To see this cascade of changes in corporate America at the state and the federal level, she added, has shown her that people actually do care a lot more than she thought they would.
Prior to Monday’s Pulitzer announcement, Dreier’s stories on migrant child workers had already garnered numerous accolades, including the 2023 Worth Bingham Prize for Investigative Journalism from the Nieman Foundation for Journalism, the 2023 Feddie Award from the National Press Foundation and the 2024 John Bartlow Martin Award for Public Interest Magazine Journalism from Northwestern University Medill School of Journalism, Media, Integrated Marketing Communications.
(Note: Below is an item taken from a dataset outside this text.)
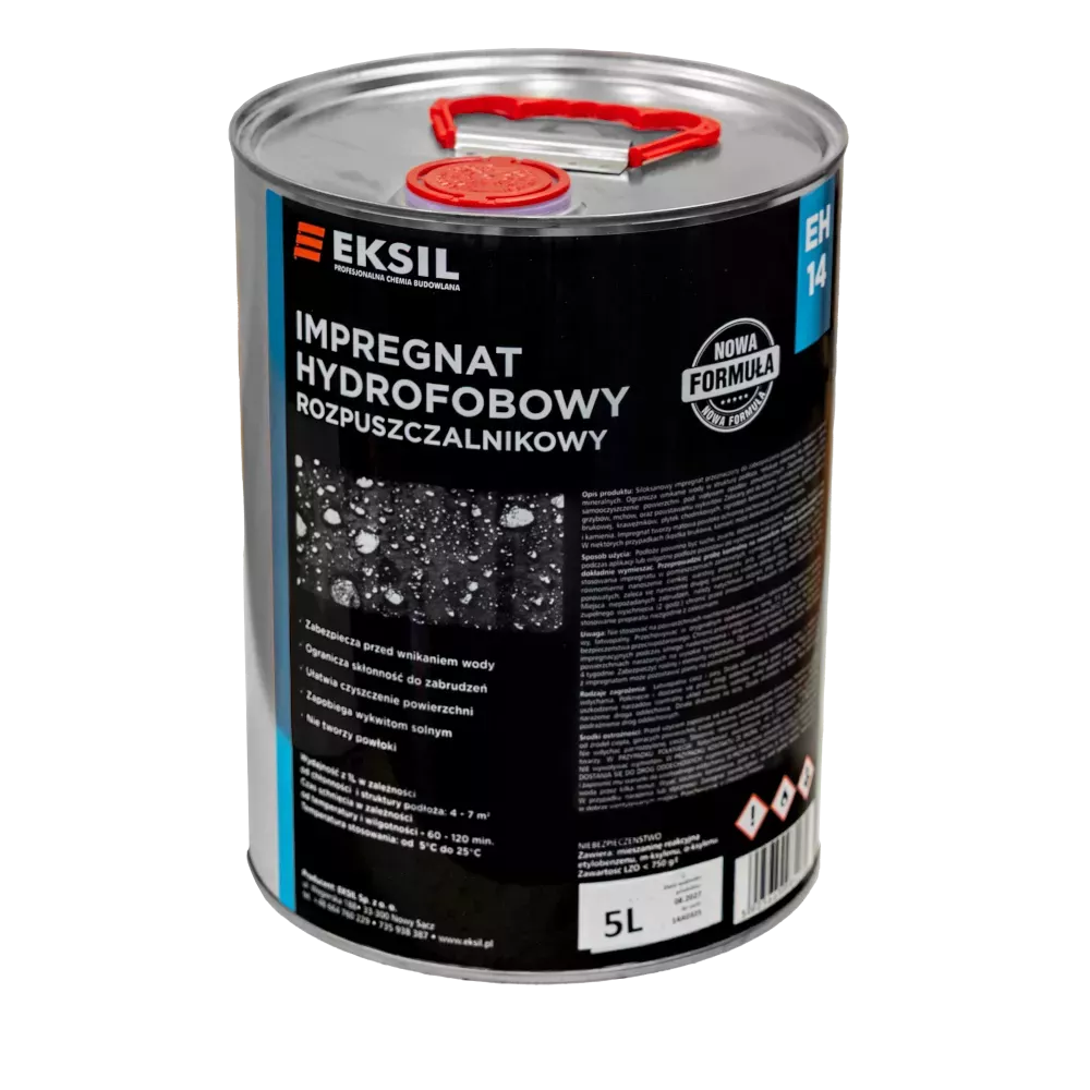 EH 14 Impregnat hydrofobowy o wysokiej zdolności penetracji zapewnia skuteczną impregnację powierzchni mineralnych. Preparat hydrofobowy do betonu tworzy niewidoczną, ale skuteczną barierę ochronną. W niektórych przypadkach może zmatowić impregnowaną powierzchnie. Utworzona warstwa zapobiega wnikaniu wody, powstawaniu wykwitów solnych, wszelkiego rodzaju grzybów i pleśni.

She has previously worked at The Washington Post and The Associated Press in Venezuela.
The finalists for this year’s Pulitzer Prize for Investigative Reporting were the staff of Bloomberg, for an investigation of how the US government aided the global spread of gun violence, and Casey Ross and Rob Herman of Stat, “for exposing how United Health Group, the nation’s largest health insurer, used an unregulated algorithm to override clinicians’ judgments and deny care, highlighting the dangers of AI use in medicine.”